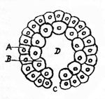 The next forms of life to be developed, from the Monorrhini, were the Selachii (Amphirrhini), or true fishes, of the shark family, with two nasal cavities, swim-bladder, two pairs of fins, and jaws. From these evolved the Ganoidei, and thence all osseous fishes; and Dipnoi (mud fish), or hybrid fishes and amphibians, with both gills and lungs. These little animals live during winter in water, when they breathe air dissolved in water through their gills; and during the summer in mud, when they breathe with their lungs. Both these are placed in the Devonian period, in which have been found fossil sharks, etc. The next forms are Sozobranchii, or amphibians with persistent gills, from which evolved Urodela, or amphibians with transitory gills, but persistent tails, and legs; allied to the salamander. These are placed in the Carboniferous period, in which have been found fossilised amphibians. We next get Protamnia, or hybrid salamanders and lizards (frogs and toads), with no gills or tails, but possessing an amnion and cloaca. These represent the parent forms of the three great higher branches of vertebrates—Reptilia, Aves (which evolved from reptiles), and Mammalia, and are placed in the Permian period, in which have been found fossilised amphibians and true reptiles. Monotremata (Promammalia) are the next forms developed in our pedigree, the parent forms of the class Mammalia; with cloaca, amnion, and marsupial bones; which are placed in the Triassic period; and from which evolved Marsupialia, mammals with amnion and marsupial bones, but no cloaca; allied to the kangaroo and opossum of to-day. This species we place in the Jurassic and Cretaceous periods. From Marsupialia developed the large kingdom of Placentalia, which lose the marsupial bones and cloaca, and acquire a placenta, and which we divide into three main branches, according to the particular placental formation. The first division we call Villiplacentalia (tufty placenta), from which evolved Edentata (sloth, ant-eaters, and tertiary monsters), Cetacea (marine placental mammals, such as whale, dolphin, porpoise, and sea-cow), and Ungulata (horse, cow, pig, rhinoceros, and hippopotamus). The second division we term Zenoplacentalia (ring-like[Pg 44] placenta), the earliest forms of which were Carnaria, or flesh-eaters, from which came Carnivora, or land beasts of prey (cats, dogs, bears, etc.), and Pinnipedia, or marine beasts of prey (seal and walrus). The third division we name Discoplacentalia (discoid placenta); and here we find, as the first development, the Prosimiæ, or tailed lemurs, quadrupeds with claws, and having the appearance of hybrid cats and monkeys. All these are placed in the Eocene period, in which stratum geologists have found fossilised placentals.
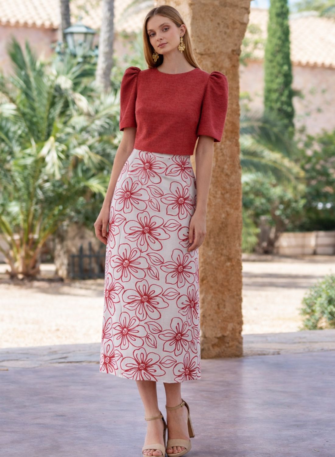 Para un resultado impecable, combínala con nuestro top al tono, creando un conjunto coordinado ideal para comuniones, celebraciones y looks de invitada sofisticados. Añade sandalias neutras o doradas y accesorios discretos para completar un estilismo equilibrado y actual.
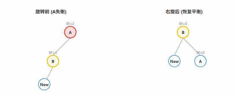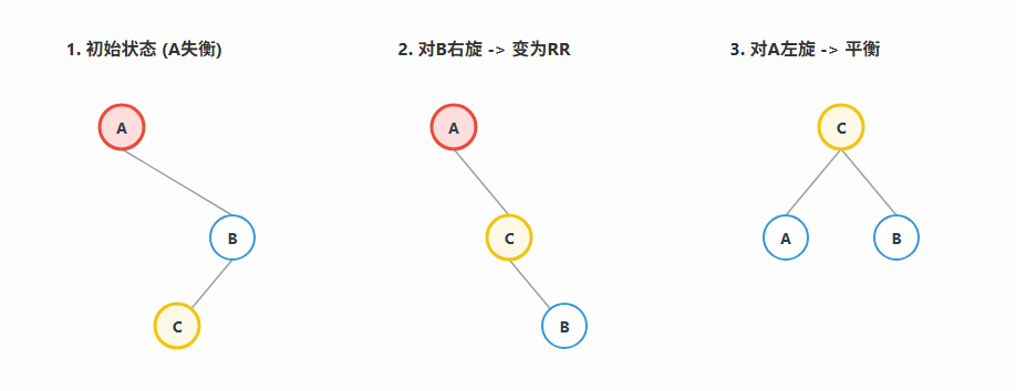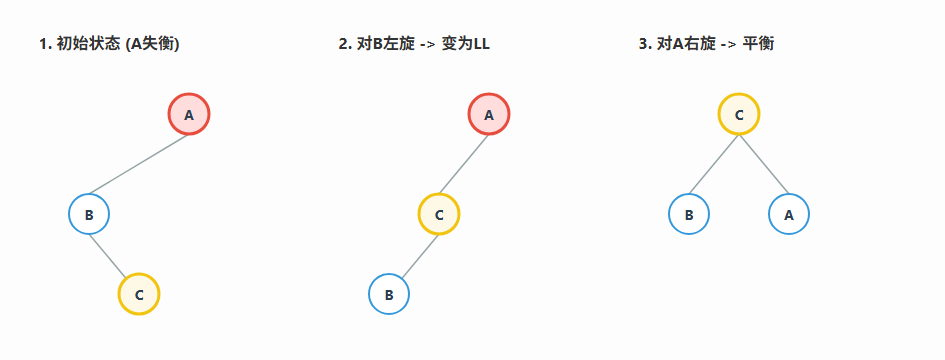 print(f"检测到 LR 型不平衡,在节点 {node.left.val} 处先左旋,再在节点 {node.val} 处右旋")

§ Exercise details
Copy out the material word for word, without any images.

§ Written response
 The next forms of life to be developed, from the Monorrhini, were the Selachii (Amphirrhini), or true fishes, of the shark family, with two nasal cavities, swim-bladder, two pairs of fins, and jaws. From these evolved the Ganoidei, and thence all osseous fishes; and Dipnoi (mud fish), or hybrid fishes and amphibians, with both gills and lungs. These little animals live during winter in water, when they breathe air dissolved in water through their gills; and during the summer in mud, when they breathe with their lungs. Both these are placed in the Devonian period, in which have been found fossil sharks, etc. The next forms are Sozobranchii, or amphibians with persistent gills, from which evolved Urodela, or amphibians with transitory gills, but persistent tails, and legs; allied to the salamander. These are placed in the Carboniferous period, in which have been found fossilised amphibians. We next get Protamnia, or hybrid salamanders and lizards (frogs and toads), with no gills or tails, but possessing an amnion and cloaca. These represent the parent forms of the three great higher branches of vertebrates—Reptilia, Aves (which evolved from reptiles), and Mammalia, and are placed in the Permian period, in which have been found fossilised amphibians and true reptiles. Monotremata (Promammalia) are the next forms developed in our pedigree, the parent forms of the class Mammalia; with cloaca, amnion, and marsupial bones; which are placed in the Triassic period; and from which evolved Marsupialia, mammals with amnion and marsupial bones, but no cloaca; allied to the kangaroo and opossum of to-day. This species we place in the Jurassic and Cretaceous periods. From Marsupialia developed the large kingdom of Placentalia, which lose the marsupial bones and cloaca, and acquire a placenta, and which we divide into three main branches, according to the particular placental formation. The first division we call Villiplacentalia (tufty placenta), from which evolved Edentata (sloth, ant-eaters, and tertiary monsters), Cetacea (marine placental mammals, such as whale, dolphin, porpoise, and sea-cow), and Ungulata (horse, cow, pig, rhinoceros, and hippopotamus). The second division we term Zenoplacentalia (ring-like[Pg 44] placenta), the earliest forms of which were Carnaria, or flesh-eaters, from which came Carnivora, or land beasts of prey (cats, dogs, bears, etc.), and Pinnipedia, or marine beasts of prey (seal and walrus). The third division we name Discoplacentalia (discoid placenta); and here we find, as the first development, the Prosimiæ, or tailed lemurs, quadrupeds with claws, and having the appearance of hybrid cats and monkeys. All these are placed in the Eocene period, in which stratum geologists have found fossilised placentals.
 Para un resultado impecable, combínala con nuestro top al tono, creando un conjunto coordinado ideal para comuniones, celebraciones y looks de invitada sofisticados. Añade sandalias neutras o doradas y accesorios discretos para completar un estilismo equilibrado y actual.
 print(f"检测到 LR 型不平衡,在节点 {node.left.val} 处先左旋,再在节点 {node.val} 处右旋")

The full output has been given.